Milchgipfel
Am 30. Mai treffen sich Vertrteter der Wertschöpfungskette in Berlin zu einem Milchgipfel. Wer zu dem Treffen eingeladen wurde, wollte das Bundesagrarministerium auf Anfrage von agrarzeitung.de nicht mitteilen. Sicher scheint, dass der Deutschen Bauernverband, die Milchindustrie sowie der Lebensmittelhandel vertreten sein werden. Nach derzeitigem Stand nicht eingeladen wurden die Agrarminister der Bundesländer und der Bundesverband der Milchviehhalter (BdM). Damit hat Schmidt bisher offenbar nur Organisationen eingeladen, die politischen Eingriffen in den Milchmarkt kritisch gegenüberstehen. Befürworter einer Mengensteuergung wurden dagegen noch berücksichtigt.
In dem Schreiben an die Kanzlerin verweisen die Agrarminister der Grünen auf die Situation auf dem Milchmarkt. Sie sehen einen Strukturbruch, der im ländlichen Raum und besonders in den Grünlandregionen tiefe Spuren hinterlassen werde. Als wirksame Gegenmaßnahme müsse in dieser Situation „energisch und wirksam insbesondere mit einer schnellen Reduzierung der Produktionsmenge" reagiert werden, heißt es in dem Schreiben. So sollten nationale und europäische Hilfsmaßnahmen an eine Reduzierung der Milchmenge gekoppelt werden. Freiwillige Maßnahmen der Marktpartner zur Mengenreduzierung sollten durch ein Bonusprogramm Milch, einem sogenannten „Drosselbonus" unterstützt werden, schlagen die Minister vor.

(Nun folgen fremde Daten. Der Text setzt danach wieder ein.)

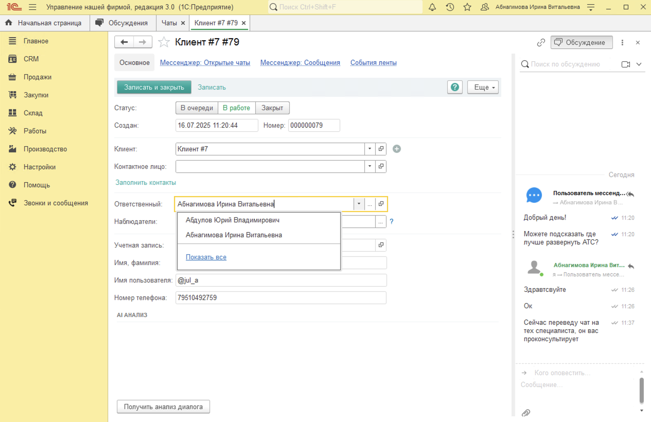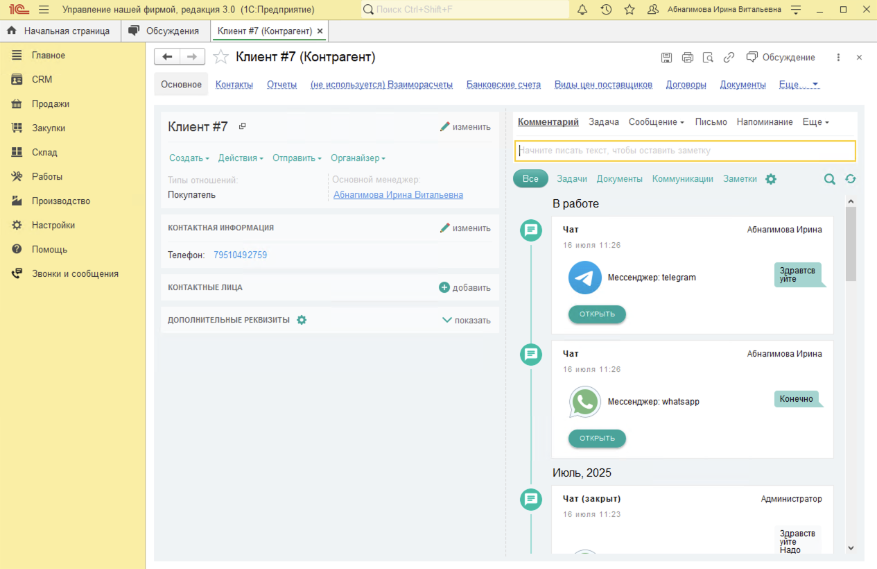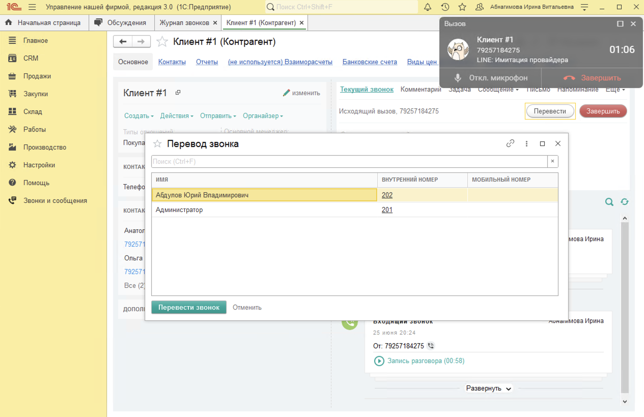 Панель телефонии позволяет совершать и принимать звонки даже при закрытой 1С:Управление нашей фирмой. Если база 1С:УНФ открыта, то при ответе клиента система автоматически откроет карточку клиента с полной историей взаимодействий либо карточка лида.
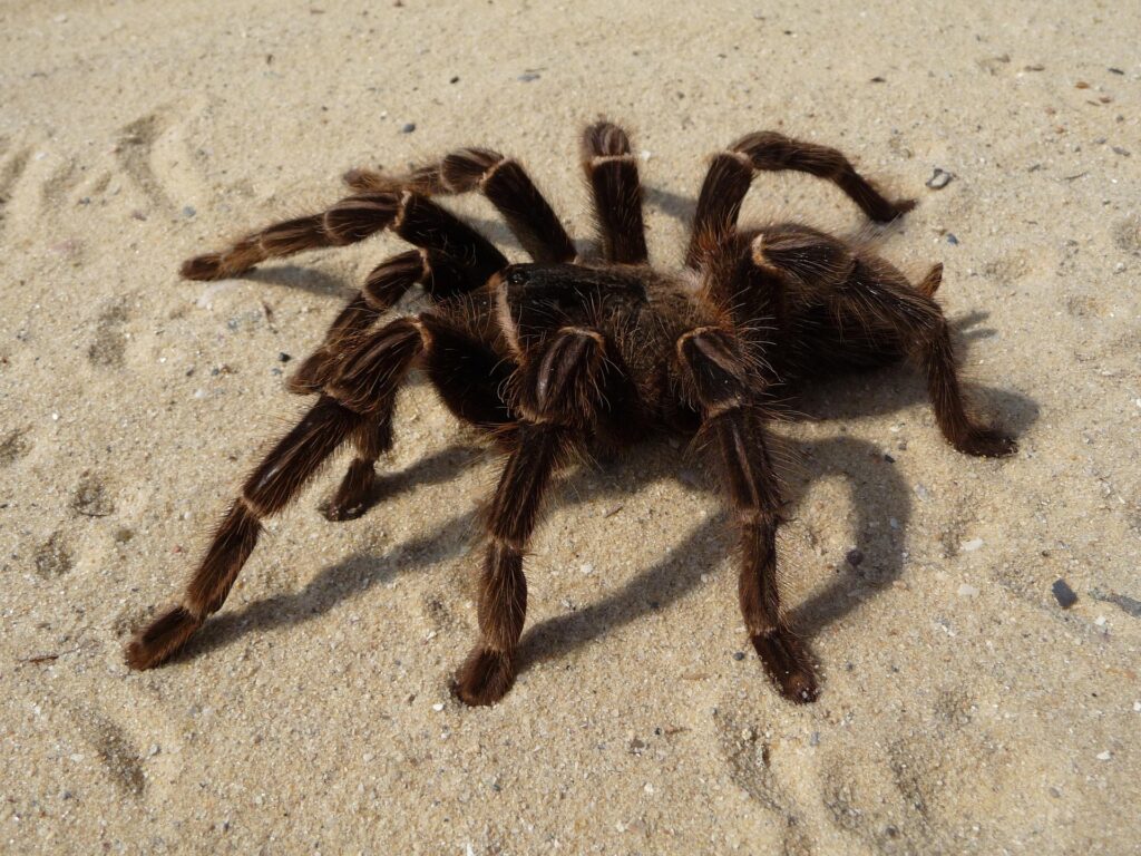 The biting insect causing more issues are spiders. The large and hairy Terantula is harmess and has no poison bite. They are shy stay far away from people. If spotted it would normally be at nighttime as they cross a dark road. At daytime you have to find them at their one home insode a hollow log or between rocks. They are dosile but can run very fast if they have a reason.

Die Grünen Agrarminister erinnern daran, dass die Agrarministerkonferenz einstimmig eine nach Artikel 221 der Gemeinsamen Marktordnung zeitlich befristete, entschädigungslose Mengenbegrenzung auf europäischer Ebene gefordert hat, falls freiwillige Maßnahmen nicht greifen. Sie bitten Merkel darum, am Milchgipfel beteiligt zu werden. Auch verschiedene Organisationen der Milchwirtschaft und der Milchbäuerinnen und Milchbauern sollten bei dem Spitzengespräch vertreten sein. Zu den Unterzeichnern gehören die Agrarminister der Länder Sachsen-Anhalt, Schleswig-Holstein, Niedersachsen, Nordrhein-Westfalen, Bremen und Hessen. (jst)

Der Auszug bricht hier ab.